Babli went back to her municipal school, one where in her own words, teachers do not come and if they do turn up they do not teach. We continued looking for better options but nothing was forthcoming. I must confess that we felt desolate and a tad helpless at seeing this bright child waste away in front of our eyes but there was nothing we could do. We did not know that the God of lesser beings was at work, setting the stage for the miracle to come. Time went by, we were busy in our little lives and forgot about Babli. Fabulous things were happening: a potential donor had entered our lives and we were busy dreaming grand dreams. Actually we were counting our chickens before the eggs were hatched. Our dreams came tumbling down but not before another prop was set for Babli’s tomorrow. The foster care programme that was thrust upon was an indubitable reality and as we set out looking for kids, the first name that came to our minds was that of Babli. The rest is history. Babli took to her new life at our tiny centre like a fish to water and one year down the line she is ready to take a giant leap into the future. The script that had looked awry many a times was now revealed and the miracle that took 3 years in the making was now there for all to see. This was no celluloid tale or Kodak moment. This tiny slumGirl was ready to take on the world and become a millionaire in her own way. As I said earlier it was truly a phenomenal moment and I was privileged enough to witness it thanks to the pleading of a little boy.

Every step of that incredible journey from my kitchen to the little bed in a dorm was picture perfect and moving. Babli sat in dignified silence throughout the journey, only answering when talked to. She was lost in her thoughts and I would have given up my life to be privy to them but I simply kept silent. We reached school and again Babli waited patiently while we completed the formalities. By then it was 12pm and refreshment time. As we walked towards the hostel, a little hand caught hold of mine: it was Utpal. Babli was his old pal and soon they set off to stand in line to get their two bananas. Babli’s journey had begun and Utpal was there to guide her. We were already de trop!

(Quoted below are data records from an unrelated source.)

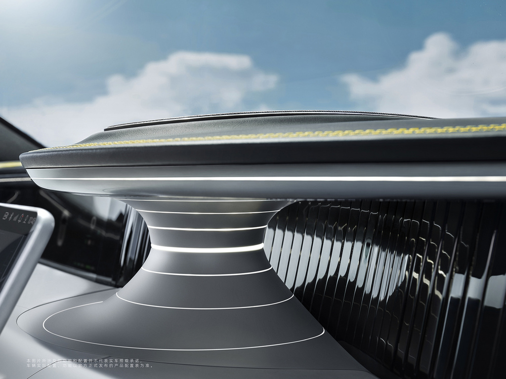 阿维塔11的内饰遵循拱心石原则,整体风格以柔软、温暖、舒适为主,其中“青灰”主题的浅色内饰设计风格酷似太空座舱,在配色方面颇有新意,青灰主色调搭配深色顶棚和中控,座椅采用NAPPA真皮及超纤麂皮绒材质包裹,在细节处以灵动柠檬黄色点缀,营造未来感的同时还提供了平淡且安逸的居家感。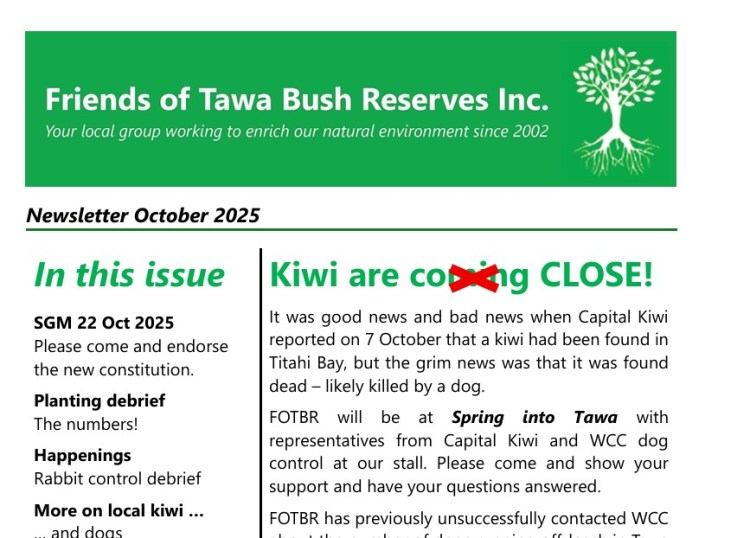 Newsletters are emailed periodically throughout the year to the Friends of Tawa Bush Reserves membership (and others interested) – keeping them up-to-date on all the goings on. If you wish to subscribe and have these informative newsletters sent directly to your inbox please sign up below.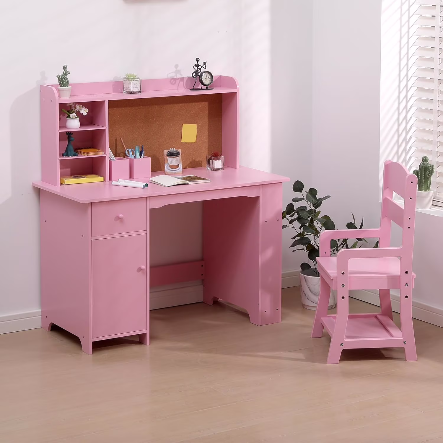 - Ample Storage Capacity: Our desk set features generous storage options, including open storage, a bookshelf, cabinets, and a cork board. Easily organize and store personal items like photo frames, alarm clocks, mini plants, dolls, and books.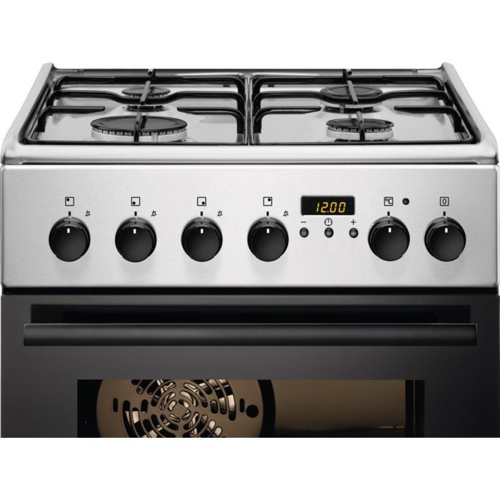 - Funkcie vrchnej rúry: vrchný a spodný ohrev + ventilátor, vrchný a spodný ohrev, kruhové teleso + ventilátor, kruhové teleso + spodný ohrev + ventilátor, osvetlenie, gril + vrchný ohrev + ventilátor, ventilátor + vrchný ohrev, ventilátor, spodný ohrev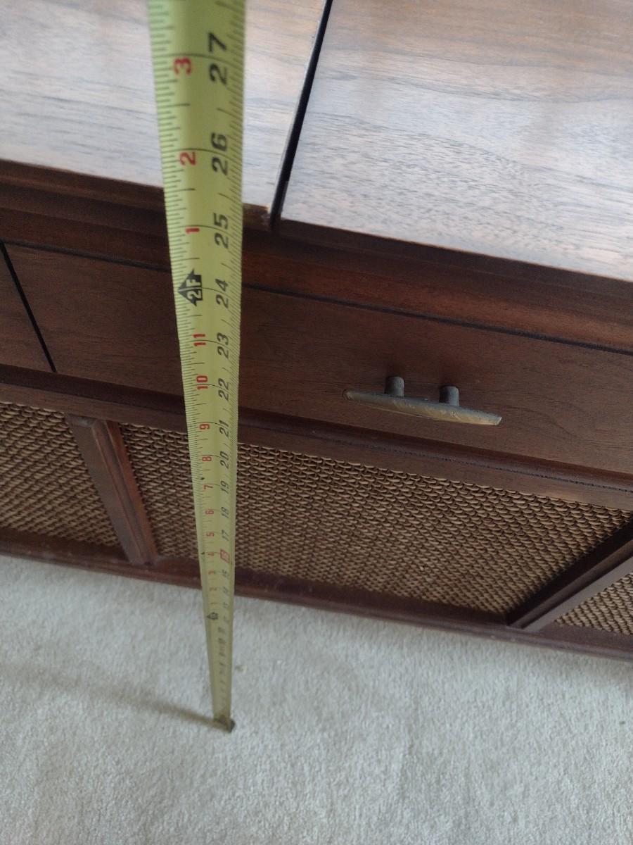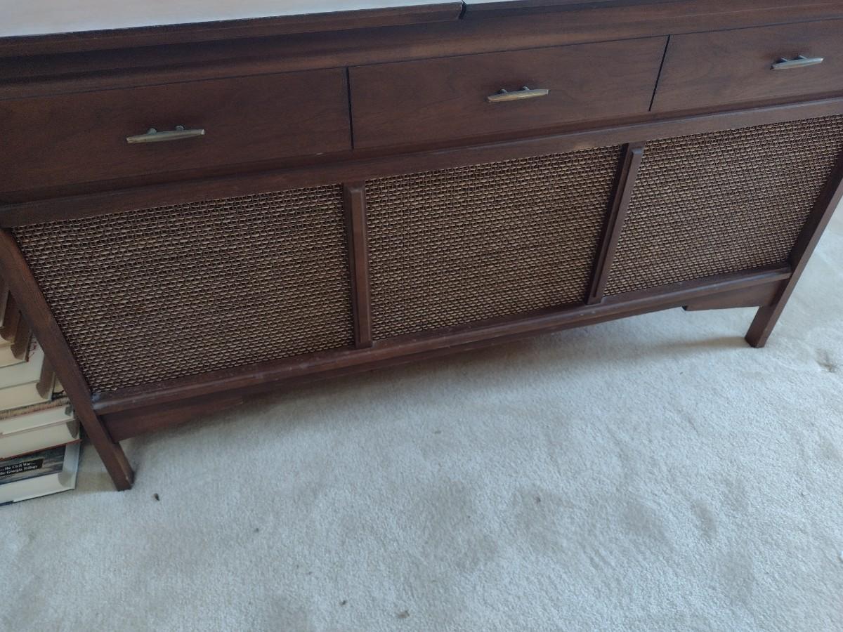 Mid Century Modern Design Arvin Stereo Turntable Console turns on and tunes in. Speakers have some static and has tube hum. Turntable tested and appears to be in working condition.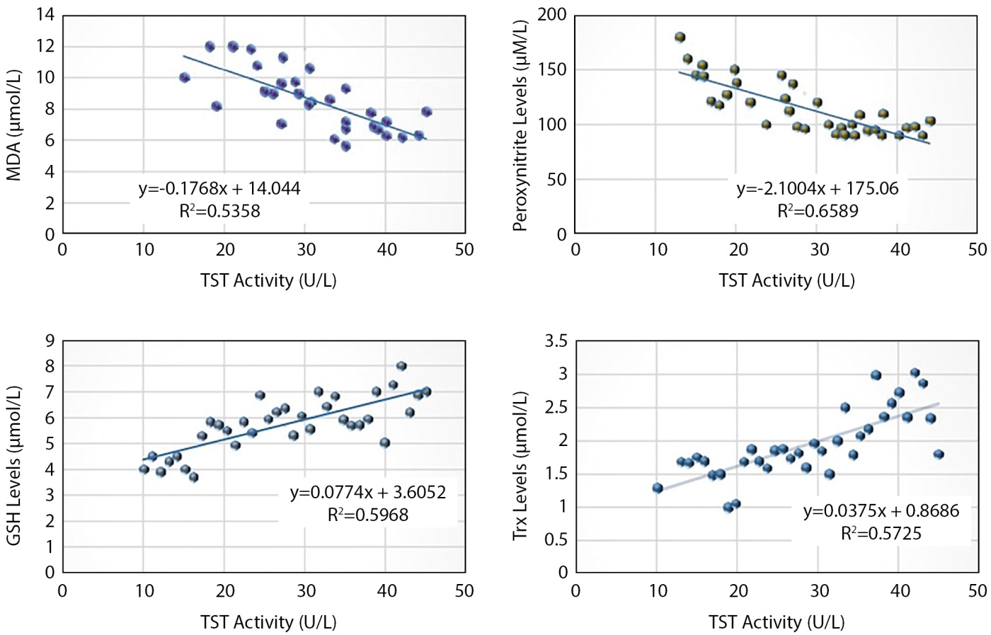 Figure 1. The correlation of TST activity with MDA ,Peroxynitrite, Trx and GSH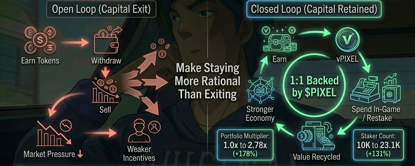 Cuando un jugador gasta vPIXEL dentro del juego, el respaldo $PIXEL no desaparece. Se recicla en recompensas de adquisición de usuarios o en operaciones del tesoro. Eso significa que cada compra dentro del juego hecha con vPIXEL es simultáneamente una parte de los ingresos del ecosistema y un mecanismo para mantener $PIXEL fuera del mercado abierto. El jugador obtiene lo que quería. El ecosistema obtiene el gasto que necesitaba. Y la oferta de tokens que habría llegado a los libros de órdenes de intercambio se queda dentro del sistema haciendo un trabajo útil en su lugar. Ese es un ciclo cerrado en lugar de una fuga, y construir ciclos cerrados es lo más difícil e importante que cualquier economía basada en tokens puede hacer.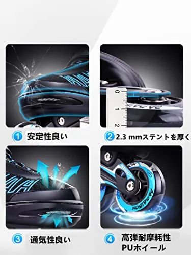 【発光&静音&安定】走ると8つのウィールがキラキラ光って、子供が大好きなかわいデザイン。インラインスケートの表面高強度衝突の対策を講じ、衝撃吸収材を使用し、振動を防ぐ 、安定感があります。安全性と快適さを確保します。一列四つのスケートの構造で、インラインスケートを順調に回ると同時に静音性も優れ、摩擦抗性が少なく、頑丈で耐久性に優れ、長時間使用しても大丈夫です。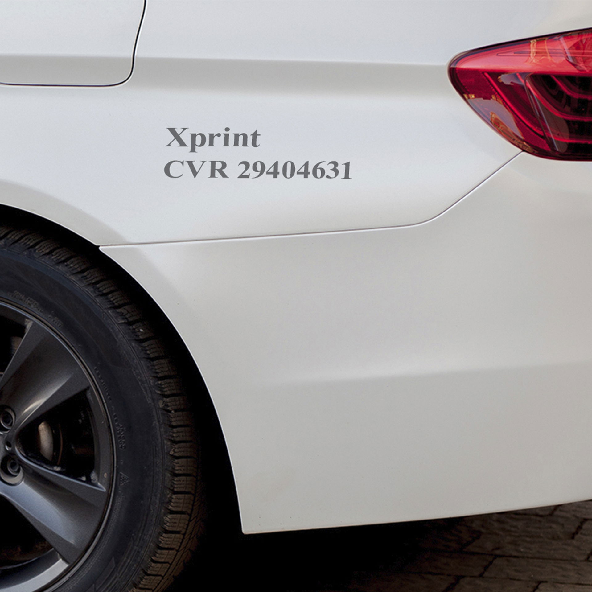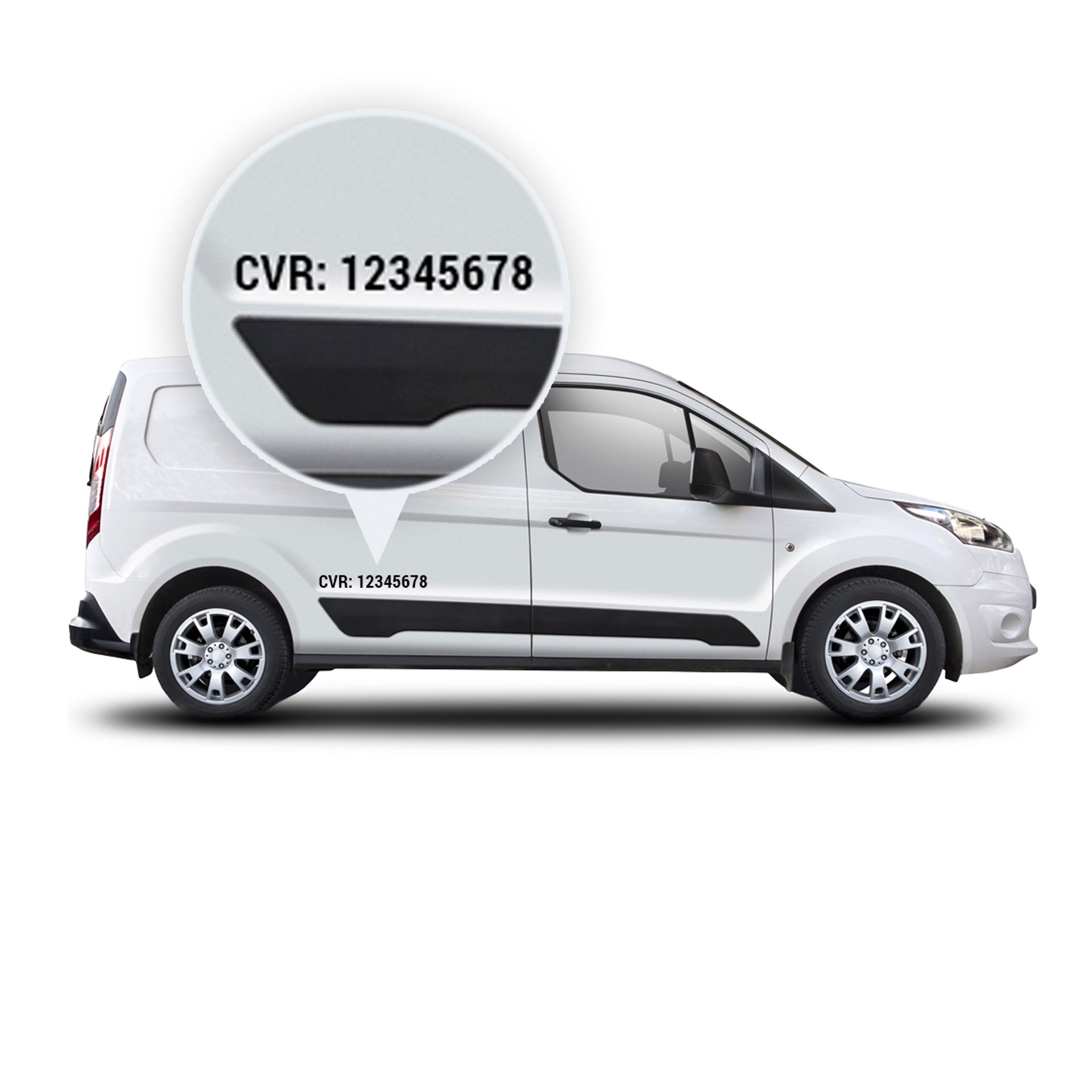 Her på siden kan du nemt og billigt få print af firmanavn og CVR til gulpladebiler. Du bestemmer selv, om du vil bestille navn og CVR nr. eller kun CVR nummeret til firma bil ved at klikke på fluebenet ud for "firmanavn".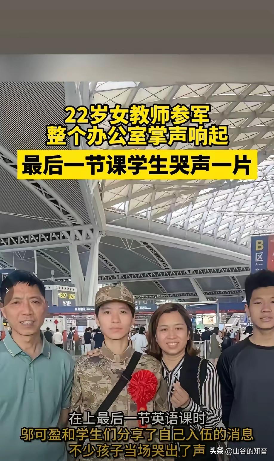 23岁女教师辞掉铁饭碗去当兵!最后一节课全班哭着喊她军装照要火 23岁女教师辞掉铁饭碗去当兵!最后一节课全班哭着喊她军装照要火 深圳龙华街道23岁的杨崇漪最近做了个出人意料的选择:辞掉初中老师的工作,报名参军入伍!这姑娘心里一直揣着当兵的梦,大学时体检因为身高差了零点几厘米,遗憾地和军营失之交臂。毕业后她当起了老师,每天认真给学生上课,可心里那团军营的火从没灭过。 最后一节课的教室,连空气都裹着沉甸甸的不舍。粉笔灰在暖黄的灯光里飘着,落在她刚写好的板书上,也落在学生们泛红的眼眶里。 平日里叽叽喳喳的孩子们,此刻都低着头攥着衣角,几个女生的眼泪啪嗒啪嗒掉在课本上,连平时最调皮的男生,都红着眼眶不敢抬头看她。 当她笑着说出“以后不能再陪大家上课了”的瞬间,全班突然齐声喊出“老师我们舍不得你”,声音里的哽咽,听得人心头一酸。 她拿出提前准备好的军装照,照片里的她身姿笔挺,眼神坚定,全班的惊叹声混着哭声,在小小的教室里炸开。 谁能想到,这张军装照背后,藏着她藏了整整五年的执念。 大学体检时那零点几厘米的差距,像一道小小的坎,硬生生拦住了她的军营梦。那段日子她躲在宿舍里偷偷难过,却也把这份向往悄悄埋在心底,没让遗憾变成放弃。 毕业后她选择当老师,三尺讲台的安稳日子里,她认真备课、耐心育人,把对学生的责任扛在肩上。 可每到夜深人静,军装的模样、军营的口号,还是会一遍遍闯进脑海,那团火,从来没熄灭过,反而越烧越旺。 身边人都劝她“老师是铁饭碗,别冲动”,可只有她自己知道,安稳从来不是她想要的全部。 当老师的日子里,她教学生明事理、有担当,可心里也盼着能亲自去践行这份担当,去穿上那身橄榄绿,守着祖国的山河。 零点几厘米的差距没能拦住她,安稳的工作也留不住她,因为心里的热爱,从来不会被现实的小遗憾打败。 这份不被世俗定义的勇敢,才是最动人的地方。 孩子们哭着喊她,不仅是舍不得一位好老师,更是为她的选择骄傲。 他们看着照片里英姿飒爽的老师,突然明白,原来老师不只是站在讲台前的人,也可以是奔赴远方、守护家国的战士。 这张军装照,不是告别,而是她把热爱变成行动的证明,也是给学生们上的最后一课:青春就该追着光走,勇敢去做自己想做的事。 有人说年轻人该求稳,可杨崇漪用行动告诉我们,青春的意义从不是安稳度日。 心里有梦,脚下就有路;热爱在胸,前路就有光。放弃看似光鲜的铁饭碗,奔赴军营,这份勇气值得所有人点赞。 她的故事也让更多人看到,年轻一代的心中,始终藏着对家国的赤诚,藏着不服输的热血。 这张军装照要火的,不只是她的选择,更是这份藏在青春里的赤诚与担当。 各位读者你们怎么看?欢迎在评论区讨论。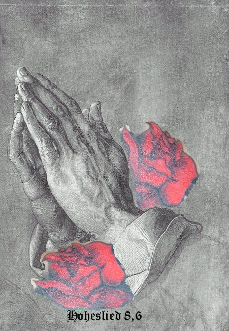 Hmm... jetzt bringst Du mich ein wenig aus dem Konzept. Ich find die Dürer-Hände an sich auch schon klasse, aber irgendwie scheinen mir die Hände allein doch etwas zu wenig. Hatte auch schon überlegt, anstatt der Rosen lieber Lilien zu nehmen...
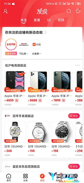 3、而且大家还能关注店铺或者是物品,直接在发现中查看自己的关注;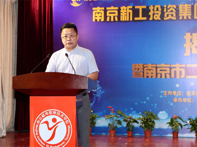 接着,学院党委书记、院长周庆礼致辞。他指出,南京新工投资集团职工职业技能竞赛(培训)基地的命名是推动集团企业高质量发展的重要举措,既是集团领导和各企业对学院的信任,也是责任。今后,学院将根据集团和各企业的实际需要,广泛开展需求调研分析,在充分发挥学院现有教育教学资源优势的基础上,选派精干师资,为各企业量身制定培训方案和培训课程,实行“教、学、做”一体化的培训模式,培养用得上、用得好的技术技能人才。同时,在集团各部门和各企业领导的支持指导下,学院将定期举办多形式、多类型的职工技能竞赛,“以赛促教、以赛促学,以赛促改、以赛促建”,力求赛出影响,赛出品牌,高水平打造集团工匠人才培养的新机制。

After handing over Babli to the hostel staff, it was time to say bye bye. I mouthed the required: take care of yourself and listen to your teachers etc but it was really not needed. A simple look at Babli”s face was enough to know that this little woman of substance knew more than anything one else that she held the reins of her destiny in her own hands and she was not one to let go till she reached the end of the race.